Closed jebob closed 3 years ago
What particular data do you think should not be stored? I load some data so users can see what is in the file before choosing exactly which symbols to load.
It also sounds like you would like the ability to "unload" a symbol. I could imagine doing that with either an explicit GdxSymbol.unload method, or maybe some sort of __enter__
, __exit__
syntax ...
Currently, the Translator object stores the values of the loaded symbol.
The ability to unload a symbol would work.
gdxpds.read_gdx.Translator.dataframe does not appear to cache the dataframe separately in the Translator object, but it does return a copy. Is the copy problematic?
I added an unload feature: https://github.com/NREL/gdx-pandas/commit/bee08e1c256ba32e3d37d63e09819dc2f9cc7559. Does that fix the issue?
It does not, I think the problem here is more subtle and not as I originally described.
I think there is a memory leak, and will close this issue and make a minimum example.

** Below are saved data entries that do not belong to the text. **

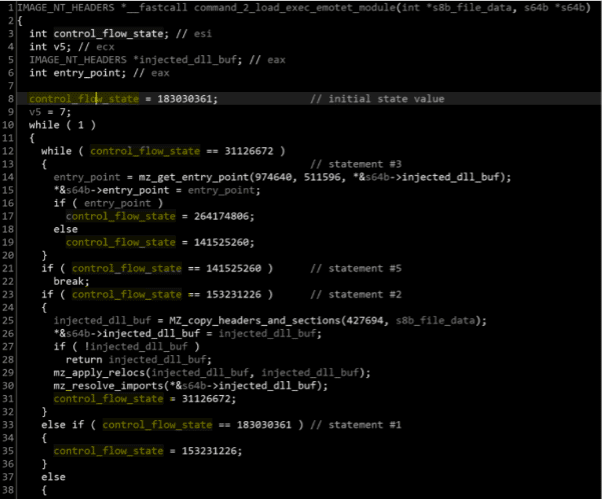 The DLL is equipped with a module of anti-revere engineering to make its analysis difficult. One of the techniques is that the control flow structure is partially removed. In the following image from Zscaler analysis, it’s possible to see a randomized variable that is used as a “control_flow_state” along with several loops, if and else conditions, or other structures to make its analysis difficult.
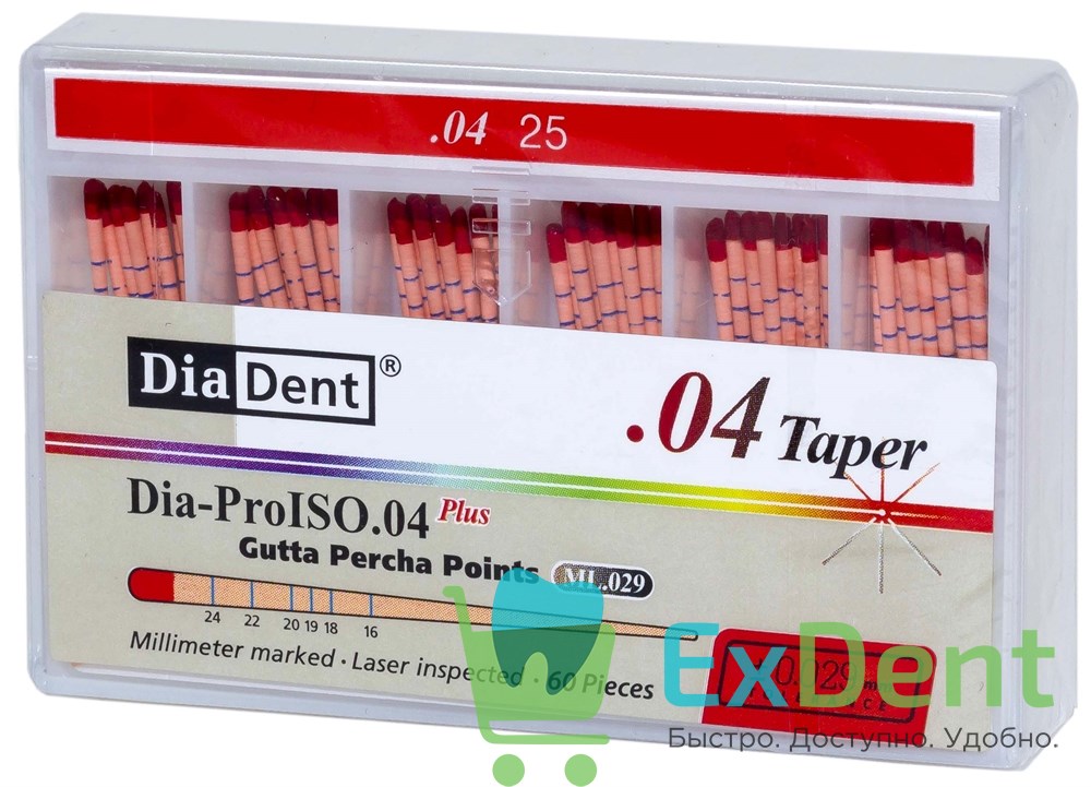 Гуттаперчевые штифты 04 №25 DiaDent для пломбирования корневых каналов (60 шт)
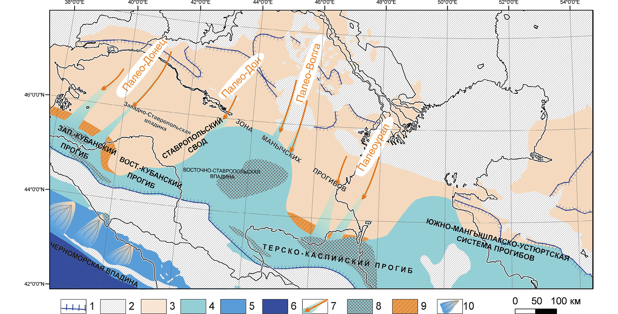 1 – граница современного распространения соленовских отложений (по [Столяров, Ивлева, 1999]). Штрихи направлены в сторону распространения; 2 – области современного отсутствия майкопских отложений; 3 – области эрозии; 4 – области компенсированной (мелководный шельф) и лавинной (погруженный шельф) седиментации; 5 – области некомпенсированной седиментации (впадины и прогибы); 6 – глубоководная впадина; 7 – врезанные долины палеорек и направление переноса в них терригенного материала; 8 – области развития гравитационных фаций; 9 – абразионные уступы; 10 – области развития глубоководных конусов выноса
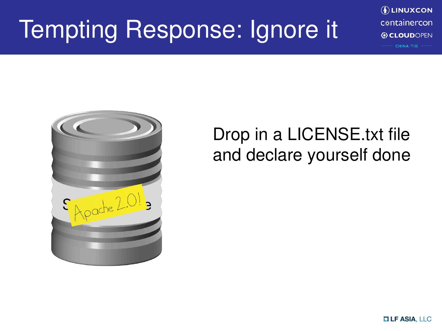 20 .Tempting Response: Ignore it Drop in a LICENSE.txt file and declare yourself done
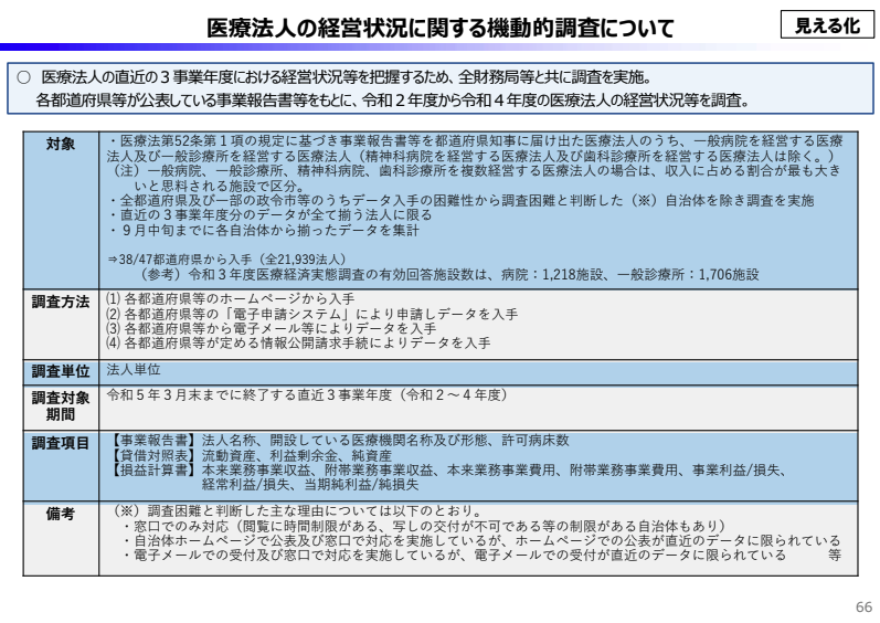 この現状を打破すべく、財務省は2023年、全国の財務局を動員した独自の「機動的調査」を敢行した。医療法人が都道府県に提出する事業報告書を直接収集・集計することで、約2万2000法人(うち無床診療所は約1.8万法人)という、従来とは桁違いのデータを確保したのである。
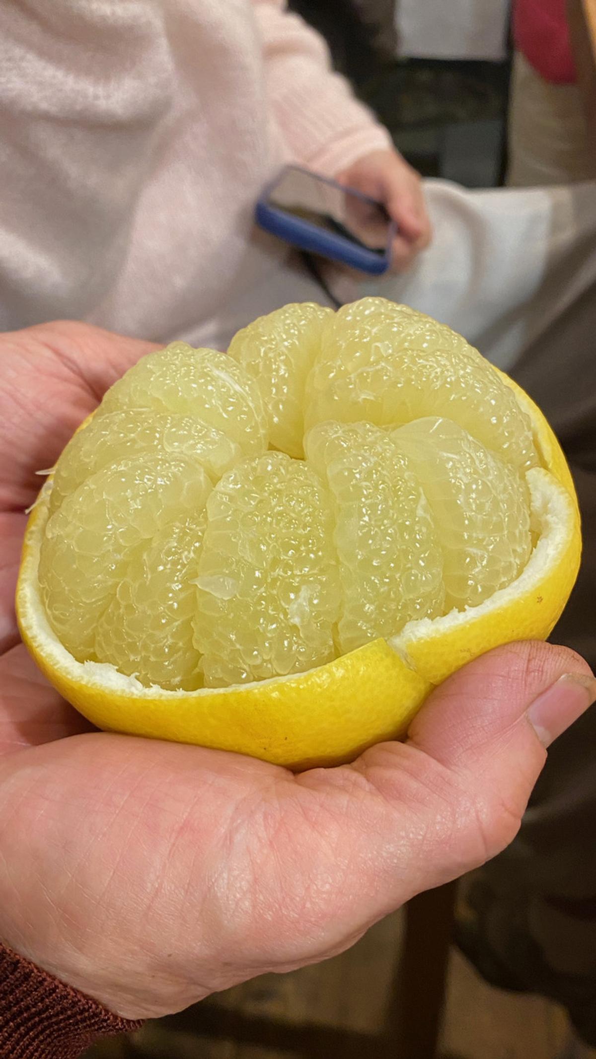 松尾さんが持ってきてくれた高知の文旦(こんなふうに丁寧にむいてきてくれました)。美味しい料理を食べながらお酒も進み(Micaちゃんは下戸)、おしゃべりも盛り上がり、Fujicoとの再会は大成功! 大人気のFujico muffin(オカラのマフィン)もいただきました。明日の朝食べます。ありがと。
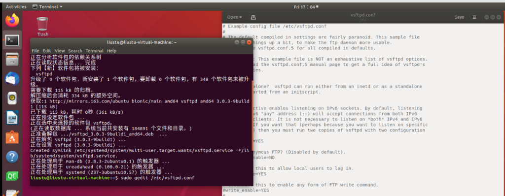 等待软件安装完成后,使用vi或者gedit命令打开/etc/vsftpd.conf
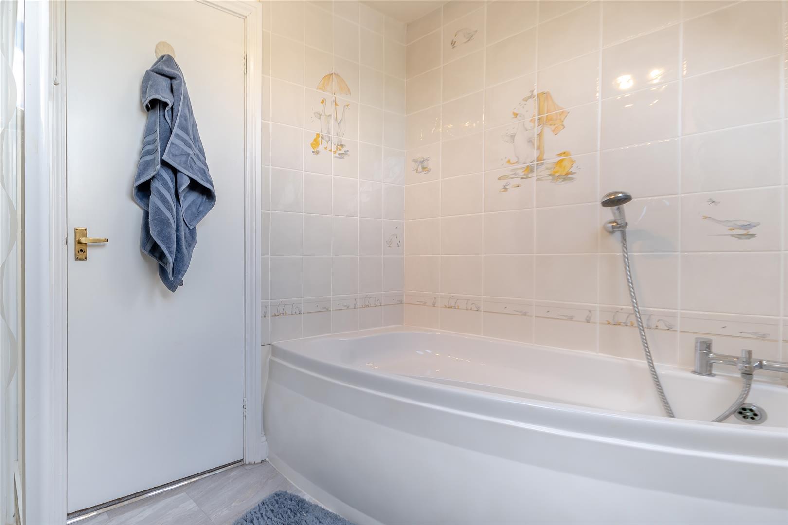 En-Suite Bathroom - Fitted white suite comprising panelled bath, tiled surround, close coupled WC, pedestal wash hand basin, heated towel rail.
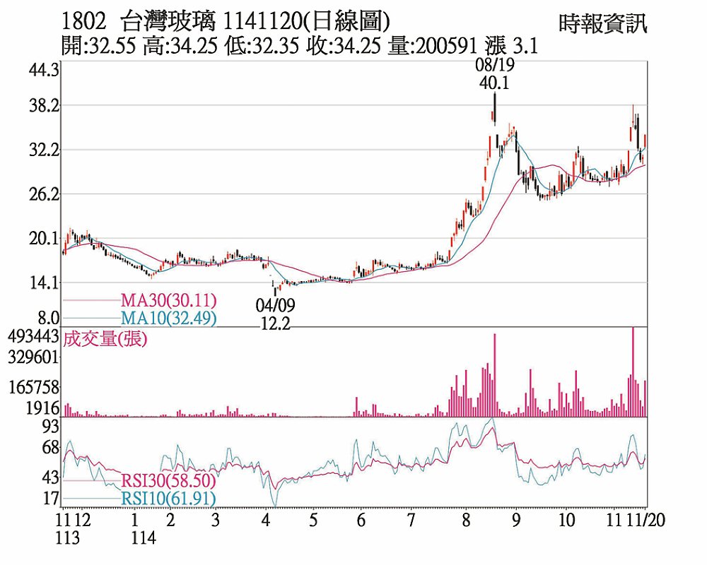 台玻(1802)受惠第三季毛利率、營益均大幅成長,明年產能看增下,大受法人青睞買進,20日開高收漲停34.25元,成交量衝破19.94萬張,其中外資大量換手,合計單日買超8,591張,在需求持續旺盛下,後續有望挑戰年線高點40元大關。
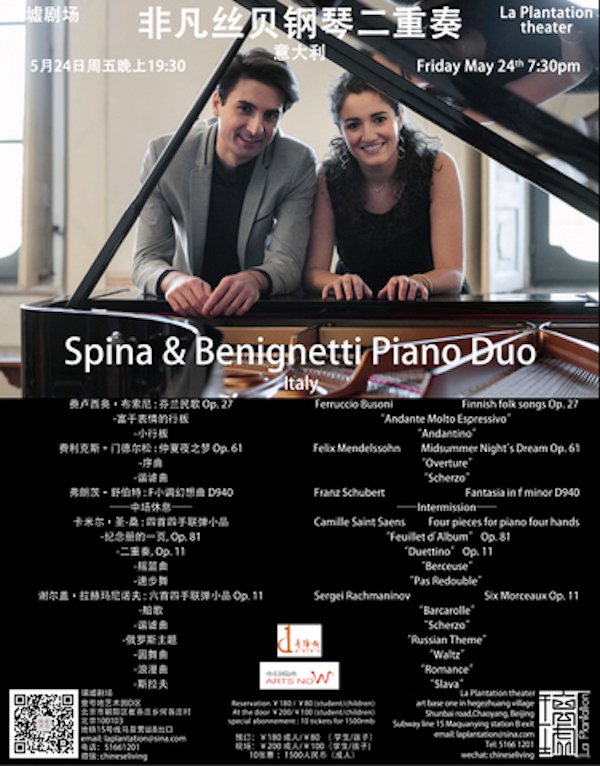 Eleonora Spina and Michele Benignetti are two compelling, talented young musicians that come from strong and varied backgrounds as soloist and chamber musicians. Their acclaimed recording of Brahms’s complete works for two pianos was praised by audiences and critics alike – they’re the real deal. RMB 200
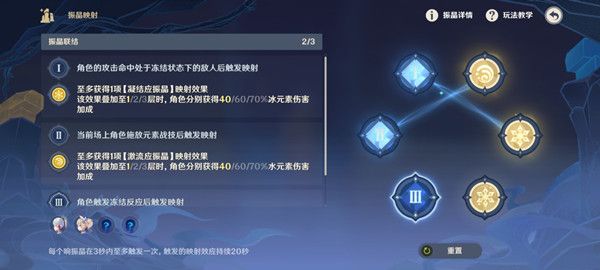今日增益:①水元素伤害加成、②冰元素伤害加成、③冻结时造成伤害提升
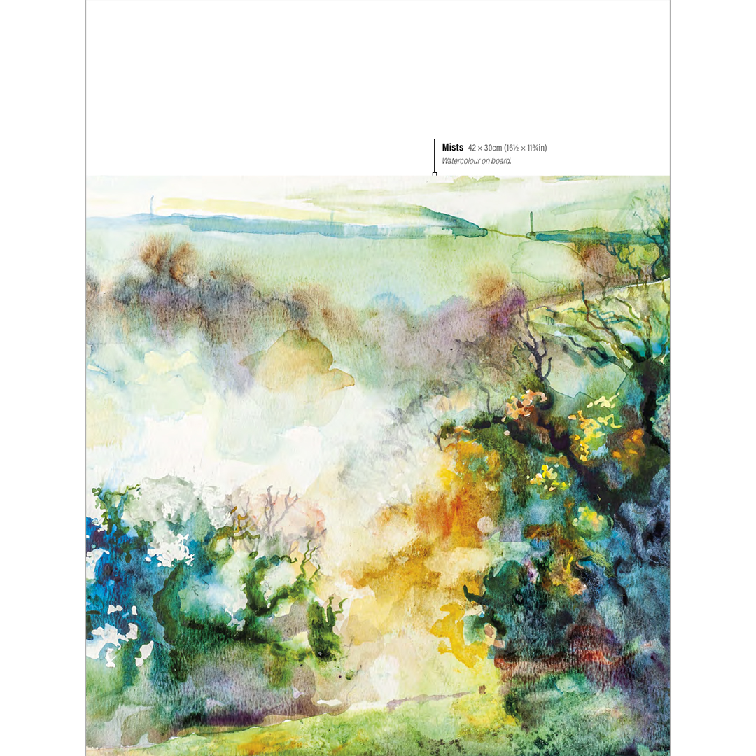 Catherine, joka rakastaa akvarellien virtaavaa luonnetta, on kehittänyt oman maalaustekniikkansa kokeilemalla moderneja akvarellipigmenttejä ja tutkimalla välineen rajoja. Menetelmä, jota hän kutsuu “gravity painting” -tekniikaksi, käyttää runsaasti vettä kaltevalla levyllä ja luo luonnollisen työskentelytavan, jossa värit pysyvät kirkkaina ja elävinä – eivätkä sameina.

In my use case, I am trying to pick out some small and large symbols from a very large (3GB) gdx. It is too large to use to_dataframes(). Reading the GDX with lazy load is super slow, so calling to_dataframe() many times is also slow. In the end I settled for creating a Translator object and reusing it, but I discovered that the results are cached, so my large symbols have duplicated dataframes when I do anything with them.
Perhaps we should not store the symbol state by default?